As oil prices continued to plunge last week, it was instructive to watch the disparate reactions of three governments whose whopping losses are likely to produce some of the biggest international stories of 2015.
There was the panicked scrambling of Venezuelan President Nicolás Maduro, who skipped his own state of the union speech for a desperate world tour in search of loans or promises of $100 oil. He got neither, even as rumors flew back home about whether he would be allowed to stay in office on his return.
There was the cool response of Vladimir Putin, whose ministers announced drastic cuts in government spending — except for defense. Russia’s proxy forces in eastern Ukraine meanwhile launched a new offensive.
And there was the energetic engagement by Iran’s foreign minister in negotiations on a nuclear deal that would lead to a lifting of U.N. sanctions. This followed an argument back in Tehran between the country’s president and its supreme leader about whether Iran should pursue an opening to the world or a warlike “resistance economy.”
Those snapshots fairly reflected the betting in Washington about the likely consequences of a sustained drop in oil prices for Venezuela, Russia and Iran, three troublesome nations that depend on energy exports for anywhere between 68 percent and 95 percent of their external revenue. Venezuela appears on the edge of a political chasm. Putin will try to fend off domestic upheaval with more foreign aggression. And Iran will make a fateful choice between forging a lifeline to the United States and Europe and consciously embracing isolation and harsh austerity.

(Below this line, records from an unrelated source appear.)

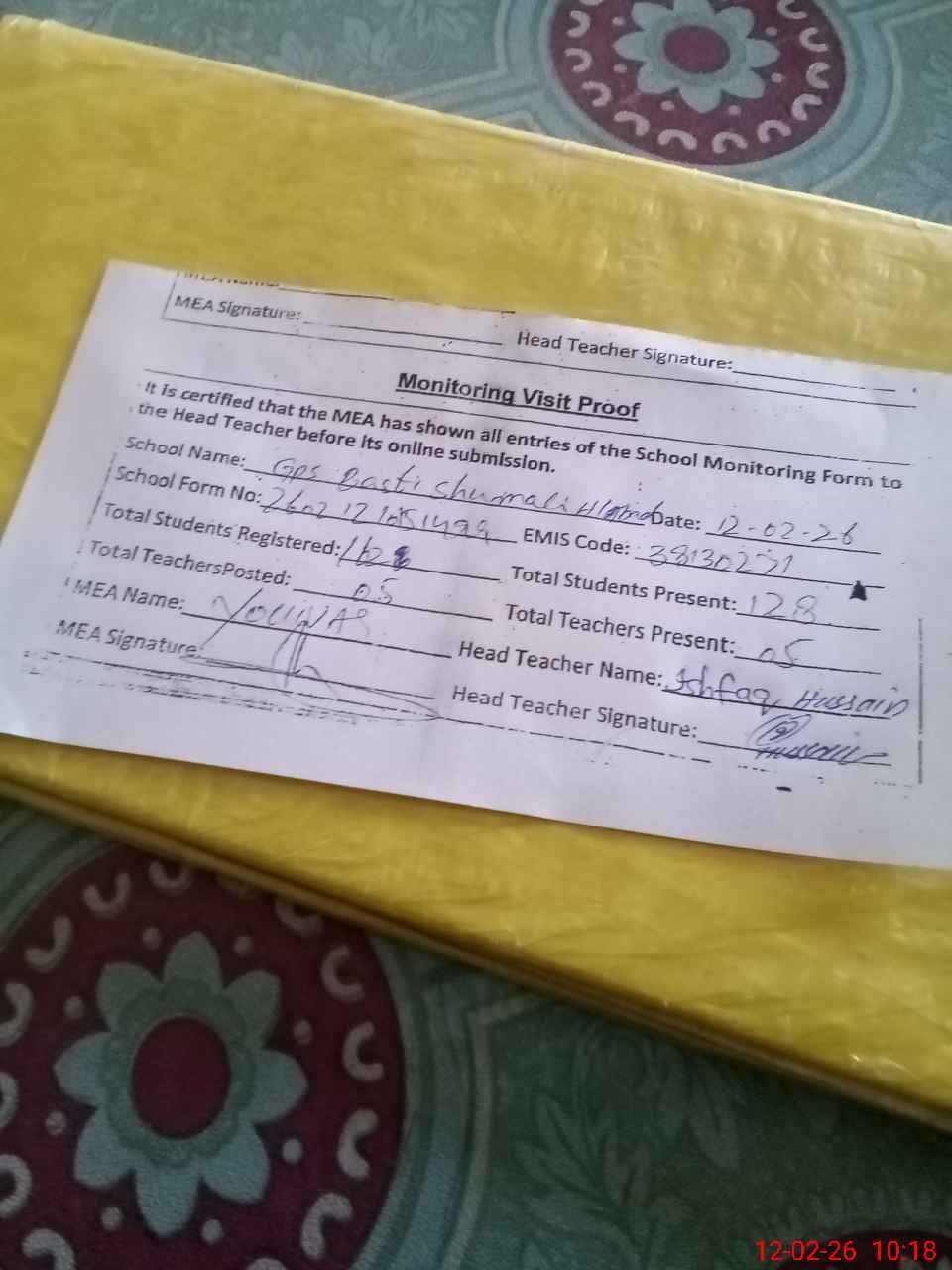 | Attendance Register | Head Teacher | MEA with School | Visit Proof |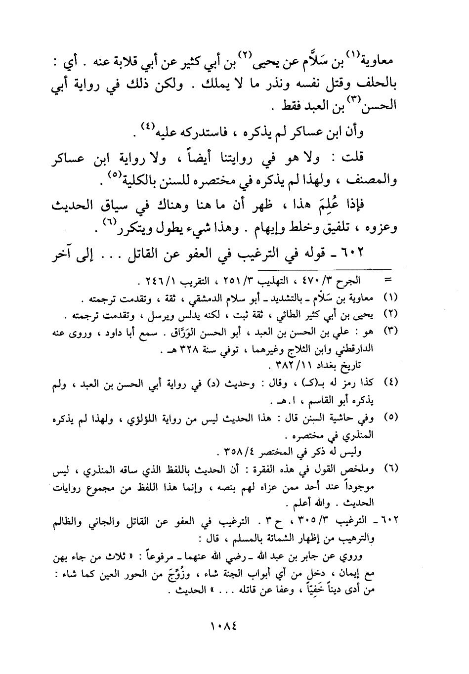 فإذا عُلِمَ هذا، ظهر أن ما هنا وهناك في سياق الحديث وعزوه، تلفيق وخلط وإيهام. وهذا شيء يطول ويتكرر.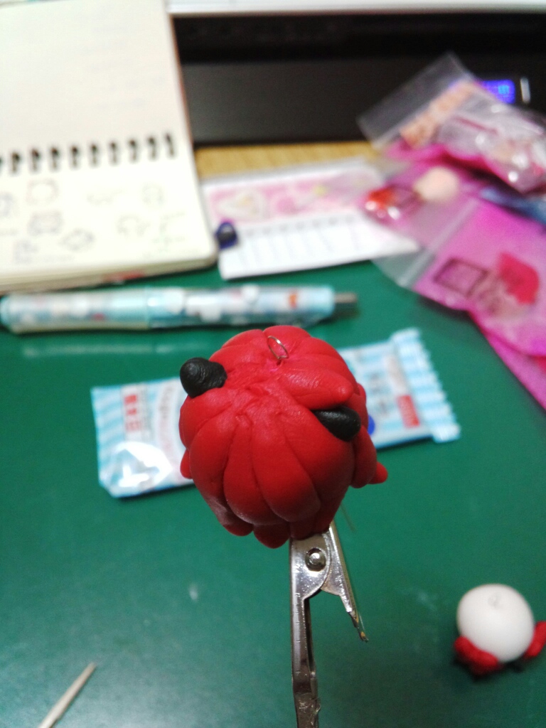 ちなみに手足はもげないようにビーズワイヤーを切って粘土で包み、本体に挿してます。
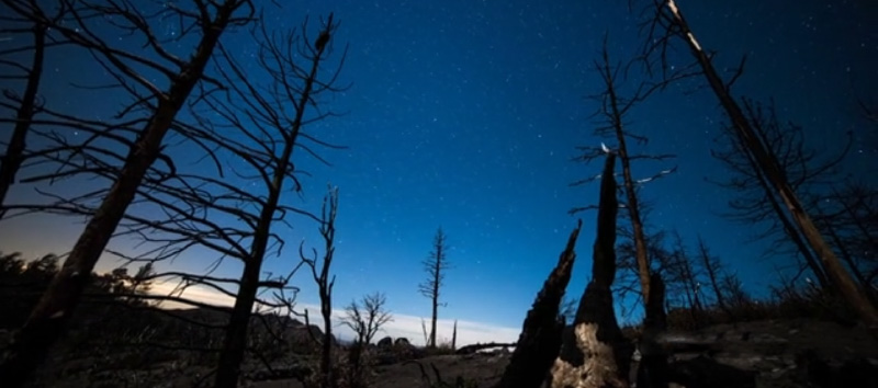 Normalerweise sieht man bei nächtlichen Zeitrafferaufnahmen immer, wie der Himmel samt seinen Sternen über den Horizont wandert. Page dreht es genau um. Er fixierte den Nordstern und drehte mit einer motorbetriebenen Vorrichtung die Kamera mit. Daraus ergibt sich ein interessanter Blick aus Sicht der Sterne. Denn eigentlich drehen wir uns ja tatsächlich permanent im All durch die Gegend…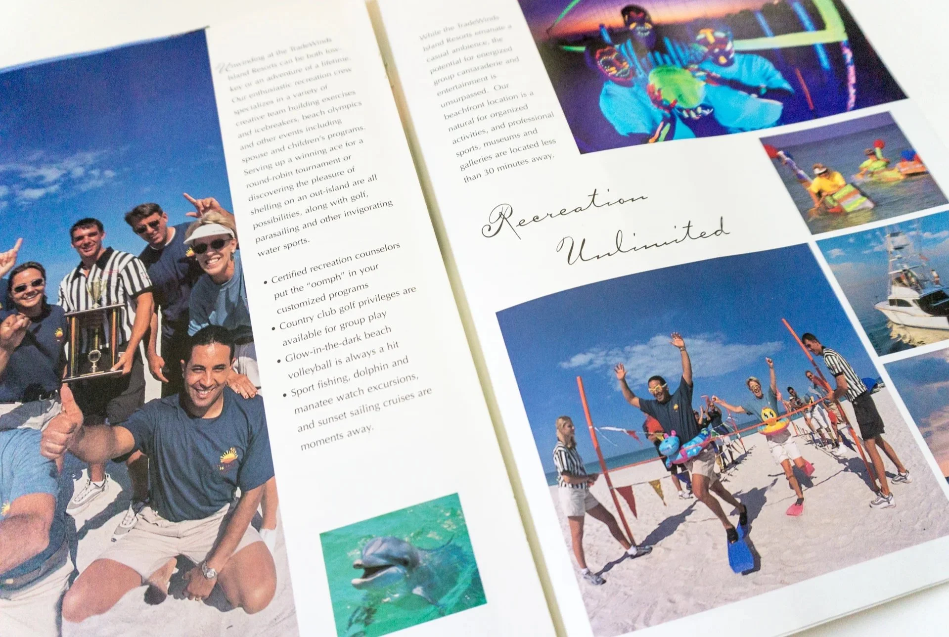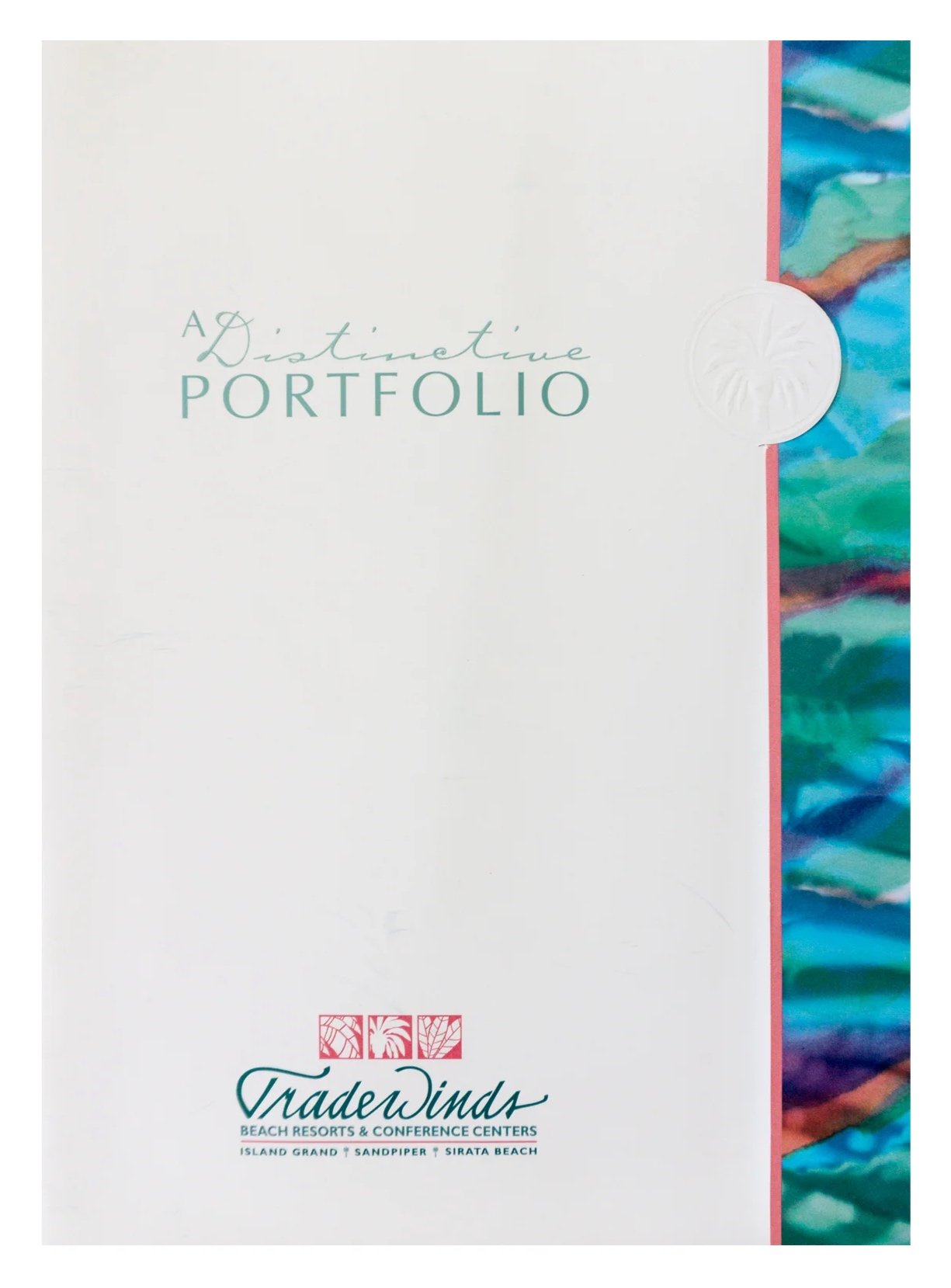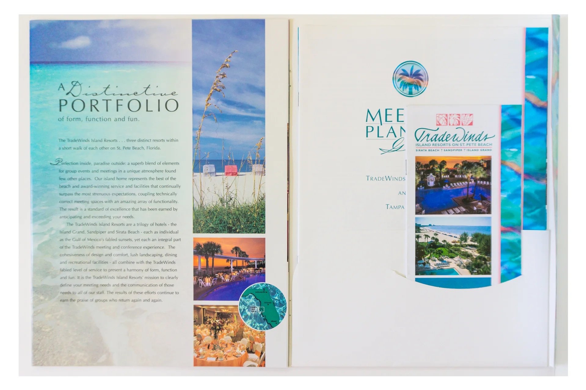 Meeting Planner pocket folder containing stapled pages showcasing the meeting opportunities at the resort. The folder was custom with shaped pockets symbolizing waves. The pockets held brochures and guides for meeting planners.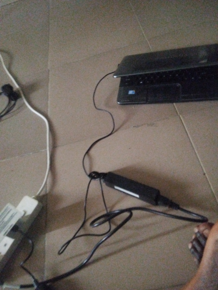 The scene depicts an indoor setting in Kaninkon, Nigeria, with electronic equipment laid out on a tiled floor. A dark grey laptop, partially open with its screen facing away, is positioned in the upper right section. A black power cable connects the laptop to a black power adapter, which features a white label and rests centrally on the light-colored tiled floor. This adapter is further connected by a black cable to a white power strip, partially visible in the mid-left. A white cable, likely an extension cord, extends from the power strip. A bare, dark-skinned human foot is partially visible in the lower right corner, positioned near the laptop's power adapter.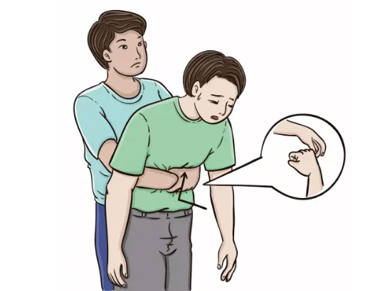 讓患者平躺,首先開放患者呼吸道,然后施救者騎跨在患者大腿外側(cè),一手掌根按壓肚臍上兩橫指處,兩手掌交叉重疊,連續(xù)快速用力的向后上方?jīng)_擊。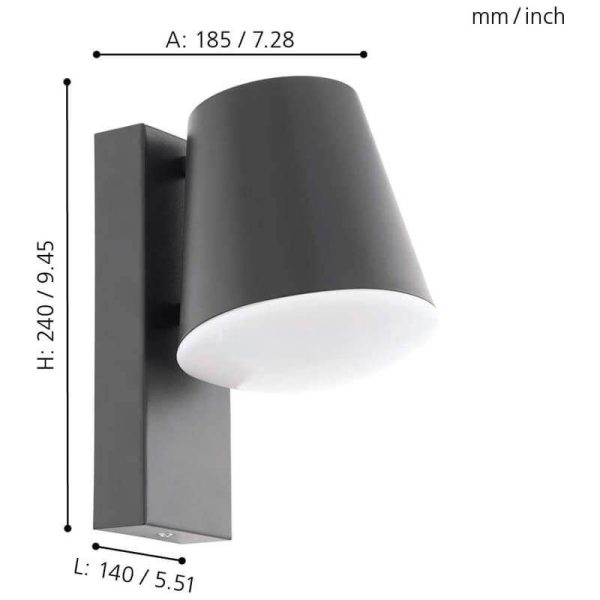 El aplique de pared exterior Caldiero de Eglo Iluminación está diseñado para aportar una iluminación funcional y decorativa en espacios al aire libre, gracias a su forma de farola moderna que proyecta la luz de manera homogénea hacia abajo. Su estructura limpia y estilizada encaja fácilmente en fachadas, muros y paredes exteriores donde se busca una estética actual y ordenada. Fabricado en acero resistente, este aplique admite una bombilla con casquillo E27 no incluida, permitiendo elegir el tipo de luz más adecuado según el ambiente deseado. La pantalla de plástico blanco ayuda a difuminar la luz, logrando una iluminación equilibrada que resulta cómoda tanto para zonas de tránsito como para accesos principales. Con un grado de protección IP44, el aplique está preparado para resistir salpicaduras de agua y polvo, lo que lo convierte en una opción segura para exteriores. Su instalación en pared es sencilla y su diseño está pensado para iluminar escaleras, entradas, jardines y fachadas con una solución duradera y visualmente coherente.Especificaciones técnicas

Other countries, of course, will be hurt by the loss of oil revenue. But these three stand out for the way high-priced oil has bloated their geopolitical ambitions and financed their rogue behavior. Putin, attempting to reconstruct Moscow’s Soviet empire, has launched two military invasions of neighbors in six years. Iran, seeking hegemony in the Middle East, is fighting expensive wars in Iraq and Syria even while it builds the infrastructure necessary to produce nuclear weapons. Venezuela’s hopes of creating an anti-American bloc in Latin America have prompted it to deliver 200,000 barrels a day of heavily subsidized oil to 13 countries, including Cuba.
As revenue precipitously drops, the biggest blowback is to be found in Caracas, where lines eight hours long stretch outside state grocery stores for disappearing supplies of food and other basic commodities. With only $20 billion left in its reserves, and $50 billion in debt to China alone, Venezuela appears headed toward a choice between abandoning its oil giveaways and defaulting on its debts, or starving its own population to the point of revolt.
A recent analysis by Moody’s concluded that the Maduro government will be unable to pay for basic imports and its debts almost regardless of what it does. With Maduro’s approval rating in the 20s and the opposition preparing another mobilization, it’s no wonder Venezuelans are remembering past coup plots and popular revolts — and preparing for the worst.
The mood in Moscow appears more resigned: With substantial support from Russians and hundreds of billions still in his country’s reserves, Putin is relatively well positioned to weather a bad year. Still, the living standards of millions of state employees, including teachers and health-care workers, will plummet under the budget cuts announced last week, while regional governments — including volatile ones in the Caucasus — will be starved of funds.
That’s why it’s significant that the military is exempted from the austerity plan. Western observers take it almost as a given that Putin will use nationalism to deflect the pressure of domestic economic discontent, which probably means more fighting in Ukraine and maybe elsewhere in Eurasia. The alternative, a peace settlement that eases Western sanctions, would require Putin to abandon his ambition of bringing Ukraine back under the Kremlin’s dominion — a concession that might be more dangerous to his regime than the coming recession.
The most intriguing response to the oil price crisis will be that of Iran. A Jan. 4 speech by President Hassan Rouhani laid out one side of the argument among the leadership: Iran’s economy, he said, “cannot develop in isolation from the rest of the world.” Hence the seemingly heightened seriousness of Foreign Minister Mohammad Javad Zarif, who held extra sessions of talks on a nuclear deal with Secretary of State John Kerry in Geneva last week.
An answer to Rouhani, however, came days later from Supreme Leader Ali Khamenei, who argued that the West could not be trusted to lift sanctions and that Iran could thrive under an autarchic “resistance economy.” Perhaps a few months of austerity, and its domestic effects, will change Khamenei’s mind. Either way, Iran’s response to the oil crisis will shape this year’s events across the Middle East.